Confidence among Britain’s small and medium-sized enterprises (SMEs) has risen to its highest level in over three years, according to the Federation of Small Business’s (FSB) Small Business Index.
Its unique measure of confidence reached 15.9 points in the second quarter of 2013; 9.6 points higher than at the turn of the year and the second highest reading since the Index began in 2010.
Small firms in financial services reported the highest confidence levels, while small manufacturers were also significantly more optimistic about their prospects than previous measures.
With Chancellor, George Osborne delivering his Spending Review this month, the FSB believes now is the ideal time to build on the foundations of these positive figures with fresh initiatives for growth to maintain small business confidence levels and encourage growth.

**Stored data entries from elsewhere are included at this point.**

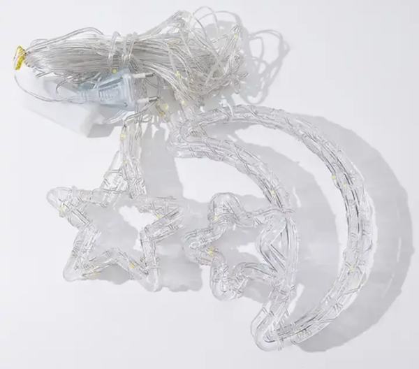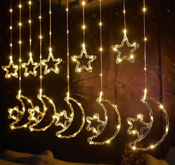 Χριστουγεννιάτικα διακοσμητικά φώτα LED τύπου κουρτίνα με σχέδιο. Χρώμα φωτισμού: Θερμό λευκό.
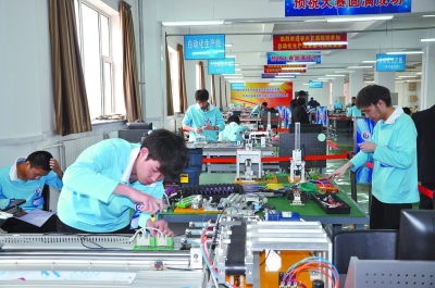 2012年初,学院建成省内仅有一的自动化生产线安装与调试实训基地,吉林省高职院校技能大赛连续三年在此举办。
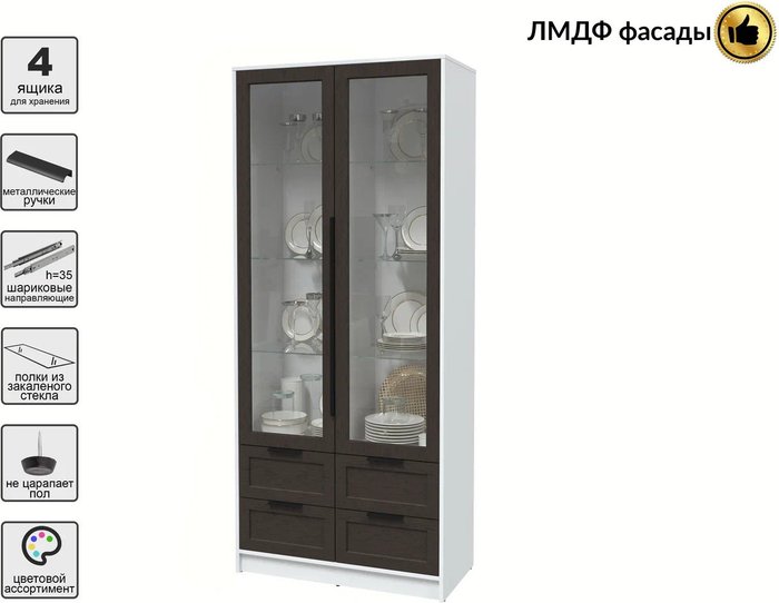 - ✅Ключевые характеристикиШкаф с витриной предназначен для хранения посуды и предметов общего назначения в жилой комнате или столовой. Модель выполнена в модульном формате с двумя распашными дверцами и четырьмя ящиками; оснащёнными шариковыми направляющими. Высота изделия составляет 212.8 см; ширина - 91.8 см; глубина - 45.1 см.✅Преимущества и отличияФасады из ЛМДФ и стекла с фрезеровкой придают шкафу стильный и современный вид; а металлические ручки и чёрная фурнитура обеспечивают надёжность и долговечность. Модель сочетает белый каркас с коричневым фасадом цвета дуб английский; что подчёркивает её универсальность и вписываемость в разные интерьеры.✅ПрактичностьОтсутствие откидных и раздвижных дверей упрощает использование; а наличие четырёх ящиков и шести полок позволяет удобно организовать пространство для хранения. Шариковые направляющие обеспечивают плавное и бесшумное открывание ящиков. Модель поставляется в разобранном виде и устанавливается на пол.✅УникальностьДизайн с фрезеровкой на фасадах и сочетание материалов ЛМДФ и стекла создают эффектный внешний вид; выделяющий шкаф среди типичных решений. Чёрная фурнитура и металлические ручки добавляют изделию современный акцент; а модульная конструкция позволяет интегрировать шкаф в систему мебели. ✅Ключевые характеристикиШкаф с витриной предназначен для хранения посуды и предметов общего назначения в жилой комнате или столовой. Модель выполнена в модульном формате с двумя распашными дверцами и четырьмя ящиками; оснащёнными шариковыми направляющими. Высота изделия составляет 212.8 см; ширина - 91.8 см; глубина - 45.1 см.✅Преимущества и отличияФасады из ЛМДФ и стекла с фрезеровкой придают шкафу стильный и современный вид; а металлические ручки и чёрная фурнитура обеспечивают надёжность и долговечность. Модель сочетает белый каркас с коричневым фасадом цвета дуб английский; что подчёркивает её универсальность и вписываемость в разные интерьеры.✅ПрактичностьОтсутствие откидных и раздвижных дверей упрощает использование; а наличие четырёх ящиков и шести полок позволяет удобно организовать пространство для хранения. Шариковые направляющие обеспечивают плавное и бесшумное открывание ящиков. Модель поставляется в разобранном виде и устанавливается на пол.✅УникальностьДизайн с фрезеровкой на фасадах и сочетание материалов ЛМДФ и стекла создают эффектный внешний вид; выделяющий шкаф среди типичных решений. Чёрная фурнитура и металлические ручки добавляют изделию современный акцент; а модульная конструкция позволяет интегрировать шкаф в систему мебели.
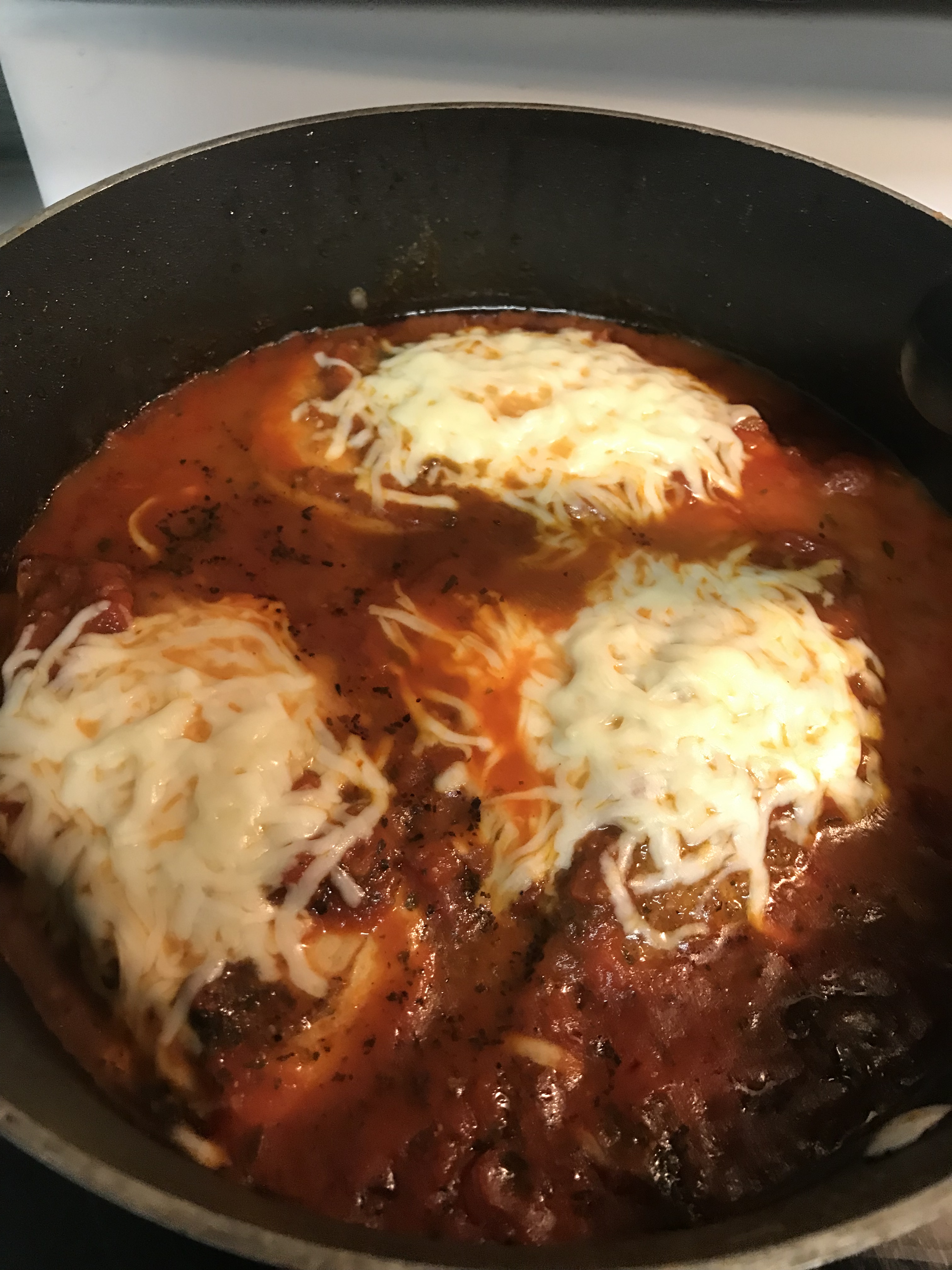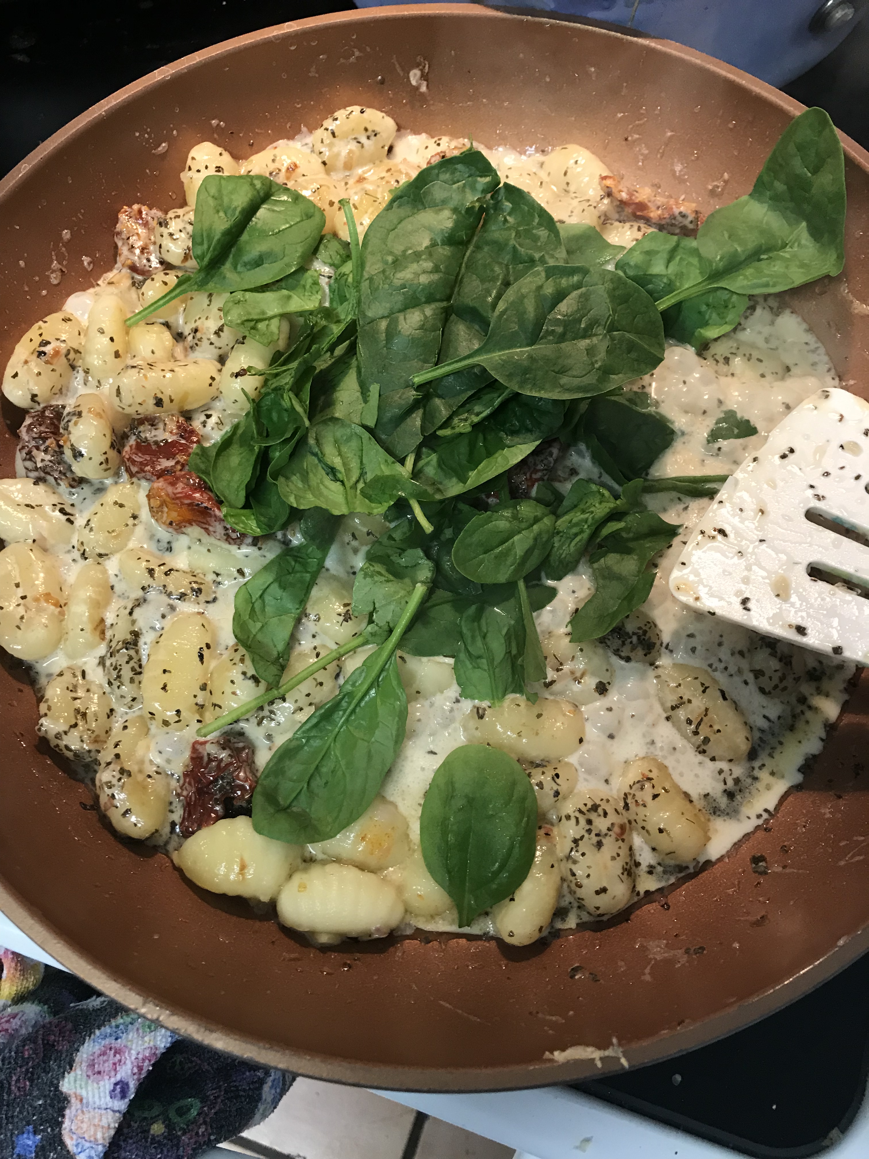 So it was homemade marinara and chicken with melted mozzarella . And then Gonochi with a garlic spinach cream sauce . And I admit I was scared to eat it . But it was pretty yummy . It’s a do over meal for sure. My house smelt so good. I wish I had made bread . I mean if your going to carb it up you might as well go all the way . And there was no dessert sadly .  and honesty I didn’t eat that much of it . I woke up starving Sunday morning. And yet there was no breakfast .
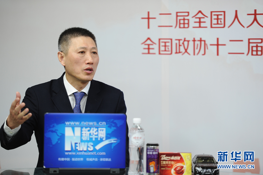 ??? 2016年3月13日,全國(guó)人大代表,煙臺(tái)張?jiān)F咸厌劸乒煞萦邢薰究偨?jīng)理周洪江做客新華網(wǎng)兩會(huì)訪談。圖為周洪江在訪談現(xiàn)場(chǎng)。新華網(wǎng) 盧志佳 攝
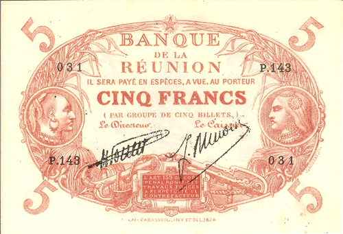 The Department of Reunion, an overseas department of France located in the Indian Ocean 400 miles (640 km.) east of Madagascar, has an area of 969 sq. mi. (2,510 sq. km.) and a population of 556,000. Capital: Saint-Denis. The island?s volcanic soil is extremely fertile. Sugar, vanilla, coffee and rum are exported. ,Although first visited by the Portuguese navigators in the 16th century, Reunion was uninhabited when claimed for France by Capt. Goubert in 1638. It was first colonized as Isle de Bourdon by the French in 1662 as a layover station for ships rounding the Cape of Good Hope to India. It was renamed Reunion in 1793. The island remained in French possession except for the period of 1810-15, when it was occupied by the British. Reunion became an overseas department of France in 1946, and in 1958 voted to continue that status within the new French Union. Banque de France notes were introduced Jan. 1, 1973.,, Rulers:,,, ,French, 1638-1810, 1810-,, ,British, 1810-1815,, Monetary System:,,, ,1 Franc = 100 Centimes,, ,1 Nouveau Franc = 50 Old Francs, 1960,,

John Allan, national chairman of the FSB, said: "This is all good news, but we must not be complacent. The Chancellor must use the Spending Review to build on this optimism.
"While there are positive signs, inflation and not being able to access finance will affect how quickly, and how much, small firms can grow and create jobs."
The FSB’s report calls for the Government’s Business Bank to improve competition in the banking sector and advise small firms on alternative finance providers.
Although Funding for Lending isn’t getting finance to more businesses at present, the lending rates offered are becoming lower.
A significant number of small firms have indicated they expect to increase staffing levels in the next three months, which is likely to be aided by the Enterprise Allowance announcement made at the next Budget, and is due to come into force next year.
More small firms are also reporting a rise in exports – despite slow trade growth globally – and export growth in the UK is expected to improve further in the next quarter.